Third, the petition does not face up to the Peterson memorandum, the general unreliability of sources, the permissible effect on the jury verdict of the Post's failure to introduce one line of the deposition of Commas, who was the Post's principal source, and to even recognize that Checket personally contradicted Tyler's written note that he had overheard Tavoulareas stating he personally dispatched Hoffmann to Atlas. This latter point also is contradicted by Wolfe's testimony that he made the decision to send Hoffmann to Atlas (Tr. 1098).

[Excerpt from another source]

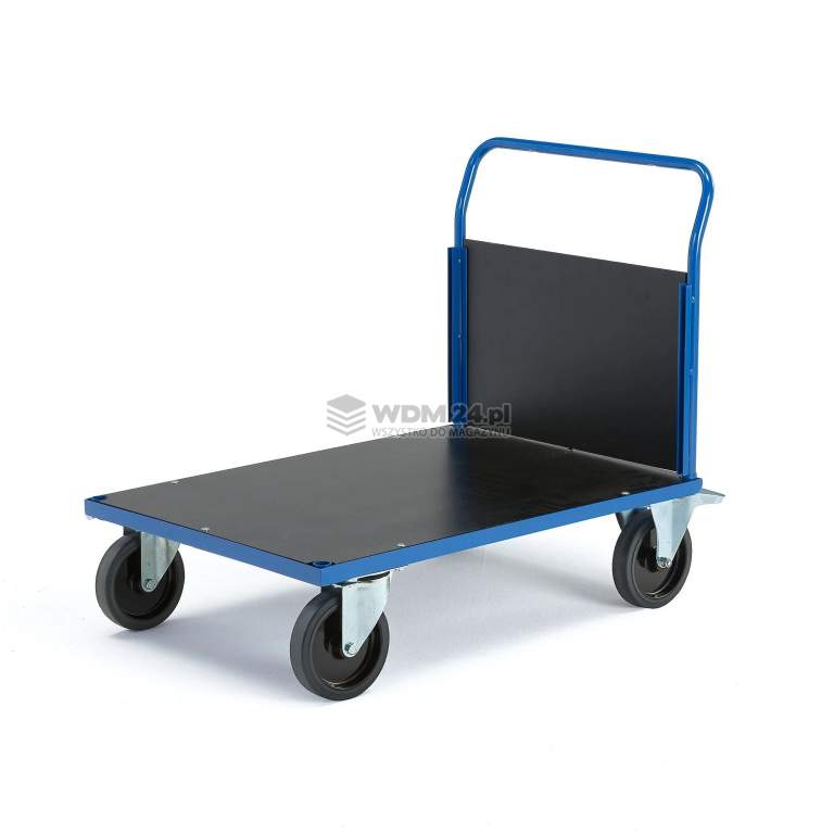 Wózek platformowy o wytrzymałej konstrukcji z praktyczną ramą, która służy też jako uchwyt do prowadzenia. Wyposażony w platformę z wytrzymałej płyty MDF i zdejmowaną ramę stabilizującą ładunek podczas transportu. Wózek platformowy z trwałych rur stalowych z platformą i burtą z MDF w kolorze czarnym. Wózek idealnie nadaje się do transportu w warsztatach i magazynach. Burtę na krótszym boku łatwo zdjąć, gdy zajdzie potrzeba. Umożliwia to transport dłuższych przedmiotów.

In sum, the Post presented a weak defense highlighted by the complete failure to present one bit of the deposed testimony of the principal source they allegedly relied upon for the story. Their whole defense was dependent upon the credibility of their few witnesses which the jury obviously did not believe -- and the jury was Not required to believe them, because their testimony in its critical aspects was specifically contradicted by plaintiff's witnesses which we find were reasonably believable.
A. The Court's Task
This case required us to perform "the delicate and sensitive task of accommodating the First Amendment's protection of free expression of ideas with the common law's protection of an individual's interest in reputation." Ollman v. Evans, 242 U.S. App. D.C. 301, 750 F.2d 970, 974 (D.C. Cir. 1984) (en banc), cert., denied, 471 U.S. 1127, 86 L. Ed. 2d 278, 105 S. Ct. 2662, 53 U.S.L.W. 3837 (1985). Our duty was twofold: to protect the "freedom of . . . the press" privilege of the First Amendment and to remedy harm to innocent persons caused by abuse of that privilege. As was recognized in Ollman, this task is by no means new and is clearly a difficult one. The principle that "debate on public issues should be uninhibited, robust, and wide-open," Tavoulareas v. Piro, 245 U.S. App. D.C. 70, 759 F.2d 90 slip op. at 49 (Wright, J., dissenting) (quoting New York Times Co. v. Sullivan, 376 U.S. 254, 270, 11 L. Ed. 2d 686, 84 S. Ct. 710 (1964)), must be reconciled with "an individual's interest in his or her reputation [which] is of the highest order," Ollman (supra) at 974. Again, as was emphasized in Ollman, the protection of one's reputation
is an eloquent expression of the respect historically afforded the dignity of the individual in Anglo-American legal culture. A defamatory statement may destroy an individual's livelihood, wreck his standing in the community, and seriously impair his sense of dignity and self-esteem.
Id. (footnote omitted); accord, Herbert v. Lando, 441 U.S. 153, 169, 60 L. Ed. 2d 115, 99 S. Ct. 1635 (1979).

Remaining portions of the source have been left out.